James Vincent McMorrow, Post Tropical
Last winter, James Vincent McMorrow released his sophomore album, a beautiful collection of songs about light and dark, warmth and cold and the stagnancy that sticks in between. Compared to McMorrow’s first album, the sound is quite different. Early in the Morning, released in 2011, relied heavily on acoustic guitars. On Post Tropical we hear drums and synths that open tracks and gorgeous layers of harp and sweeping horn arrangements that carry the choruses through. But perhaps the greatest delight in Post Tropical is that it sounds the same and different with every listen. It’s really all we can hope for during the cold slog of winter: though it seems never-ending, we hope to find something new to believe in to get us through.

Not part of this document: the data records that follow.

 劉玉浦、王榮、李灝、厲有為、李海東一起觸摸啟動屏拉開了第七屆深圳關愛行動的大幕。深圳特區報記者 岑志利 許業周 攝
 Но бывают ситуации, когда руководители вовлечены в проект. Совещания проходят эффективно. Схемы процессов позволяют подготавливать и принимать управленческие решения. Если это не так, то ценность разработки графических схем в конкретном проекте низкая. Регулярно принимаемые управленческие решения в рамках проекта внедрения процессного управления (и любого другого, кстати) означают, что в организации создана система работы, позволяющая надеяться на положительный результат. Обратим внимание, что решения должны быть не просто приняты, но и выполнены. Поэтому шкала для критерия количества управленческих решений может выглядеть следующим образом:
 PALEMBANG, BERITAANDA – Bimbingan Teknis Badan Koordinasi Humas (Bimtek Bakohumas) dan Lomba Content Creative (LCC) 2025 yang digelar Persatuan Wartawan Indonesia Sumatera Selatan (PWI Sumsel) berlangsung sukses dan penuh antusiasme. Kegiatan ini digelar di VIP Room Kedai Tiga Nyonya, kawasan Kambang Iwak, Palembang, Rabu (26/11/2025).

Robert Ellis, The Lights from the Chemical Plant
It’s amazing what moving to a new city and a haircut can do. In 2012, Robert Ellis moved from Houston to Nashville and shortly thereafter cut his Willie Nelson-length locks. His third studio album, The Lights From The Chemical Plant, came out last February and is one of the year’s best. The dark but sexy Good Intentions is the perfect upbeat track to sing along with, without ever passing into the cliche country song category. And as an added plus, there’s no mention of pickup trucks or blue jeans. Robert Ellis 1, Popular Country Music 0. Add in a track Ellis co-wrote with Dawes’ Taylor Goldsmith, a cover of a Paul Simon classic, and a tune about binge-watching TV and you’ve got something for everyone.

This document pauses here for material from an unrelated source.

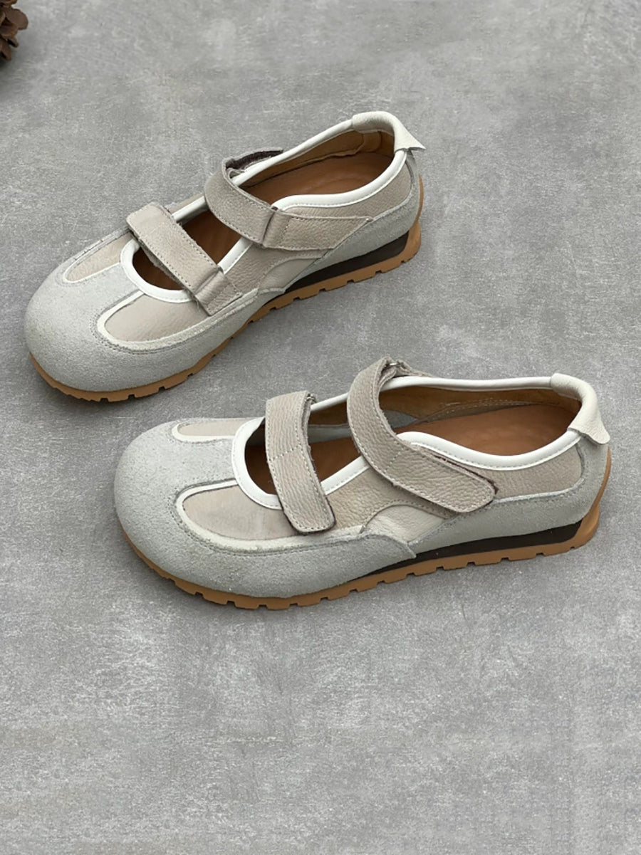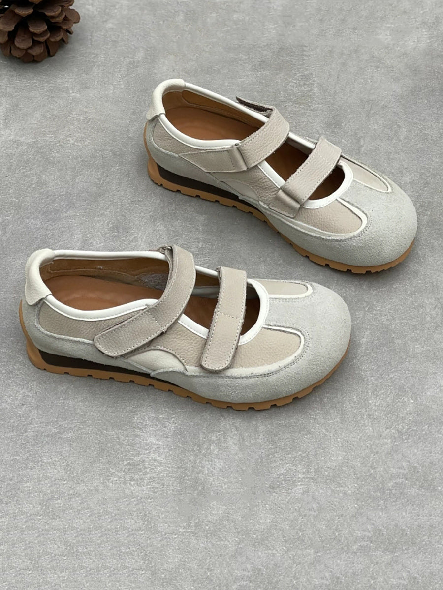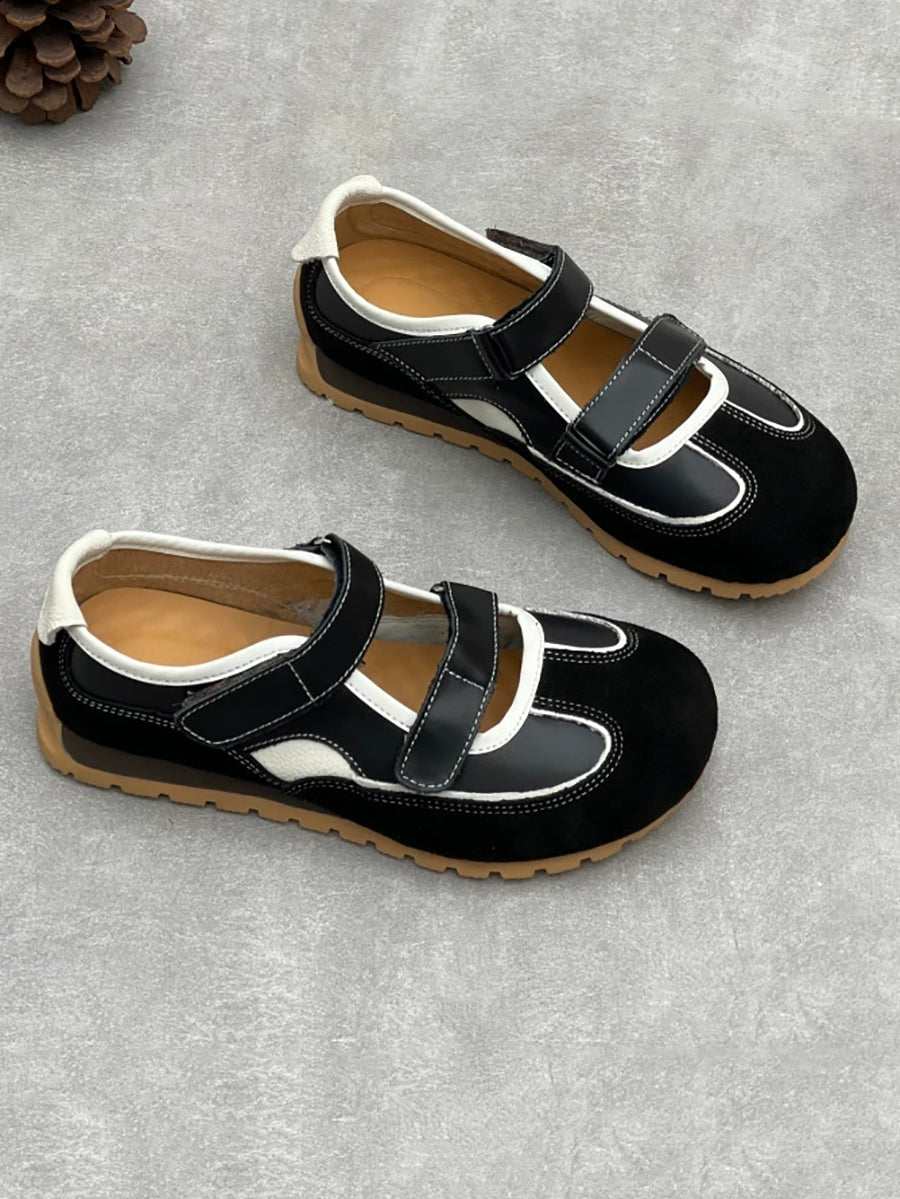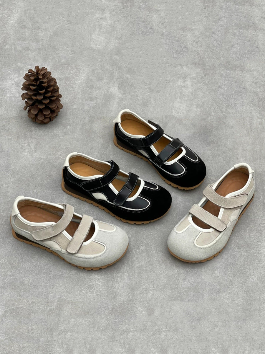 Chaussures décontractées pour femmes en cuir véritable à petits talons, style talon bas.

The War on Drugs, Lost in the Dream
Listen to The War on Drugs’ latest album, Lost In the Dream, and you’ll be hooked in less than one minute, guaranteed. An absolutely gorgeous, ambitious and sprawling album, Lost In the Dream is the band’s best work. Full of atmospheric drum beats and synths, it’s an album that is as mind blowing on its first listen as it is on the 30th. Four of the tracks are over six-minutes long, but listening never feels like a chore. Lost In the Dream is such a beautiful place to be.
Field Report, Marigolden
Field Report’s second full-length album Marigolden was released in October and is a tremendously well-written set of songs about sobriety, traveling and homecomings. The album is anchored by lead singer Chris Porterfield’s wavering voice and exceptional songwriting. There are so many lines and phrases that provide beautiful imagery to bring his stories alive. In Pale Rider, a song inspired by an episode of Six Feet Under, Porterfield assures us – with equal parts grief and calm – that he can’t be “your place to go or what you need.” It’s an album that you’ll want to enjoy line by line, chorus by chorus, and track by track. Never have synths and pedal steel sounded so great together.

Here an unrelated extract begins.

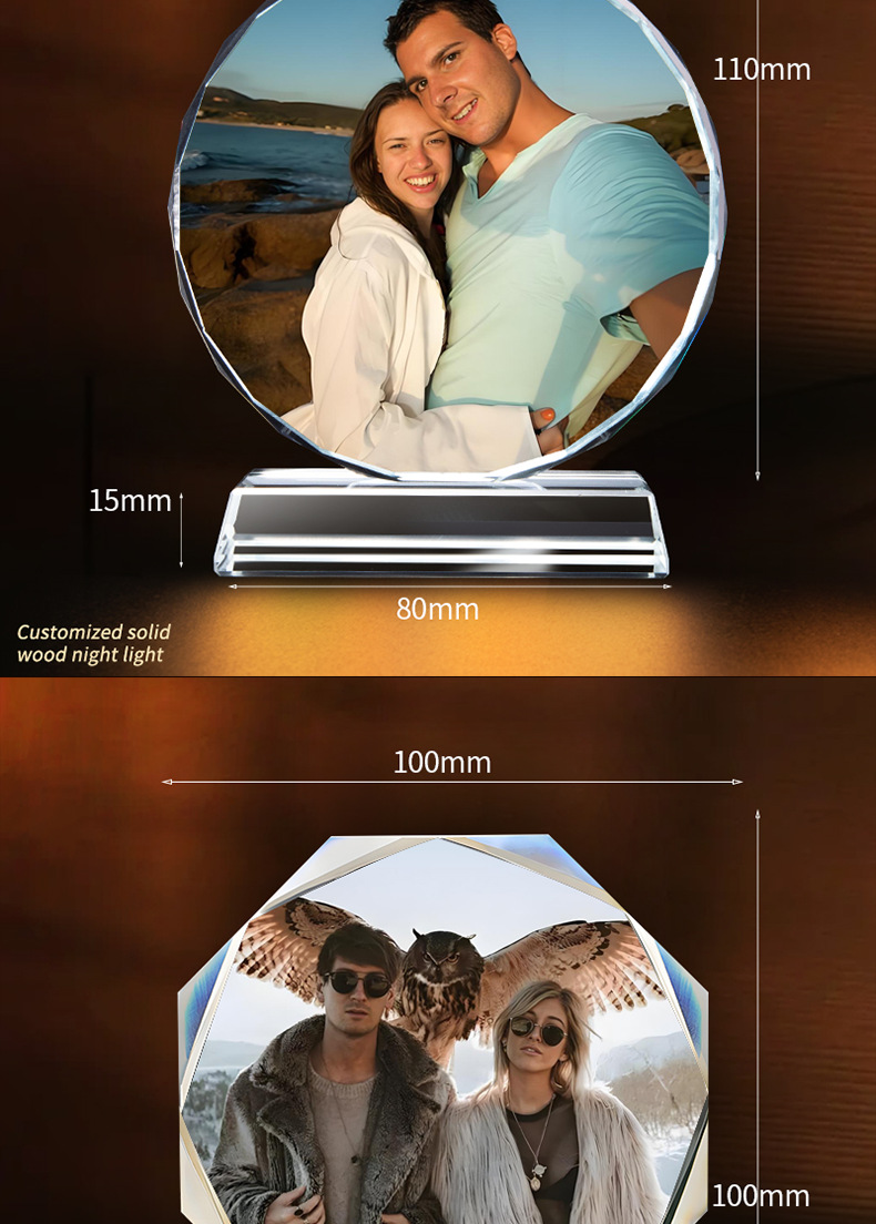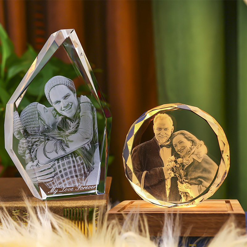 クリスタル内部彫刻写真ギフト 3D 海外のお客様、男性、女性、友人、家族、恋人、記念日、白水晶

When Take Me To Church started making the rounds in early 2014, not many had heard of Andrew Hozier-Byrne, a lanky and long-haired Irish singer and songwriter. And while the opening track is one of 2014’s best songs, it’s the variety on his self-titled release that makes it such a great listen. There’s jam-worthy guitars on the blues track Jackie and Wilson, but there’s a depth to Hozier’s lyrics and music as well. None more apparent than In A Week, a ballad about two lovers buried in the earth, a beautiful and depressing track oddly reminiscent of a Seamus Heaney poem. As Hozier remarks in From Eden, “babe, there’s something tragic about you, something so magic about you.” This album is wretched and precious, indeed.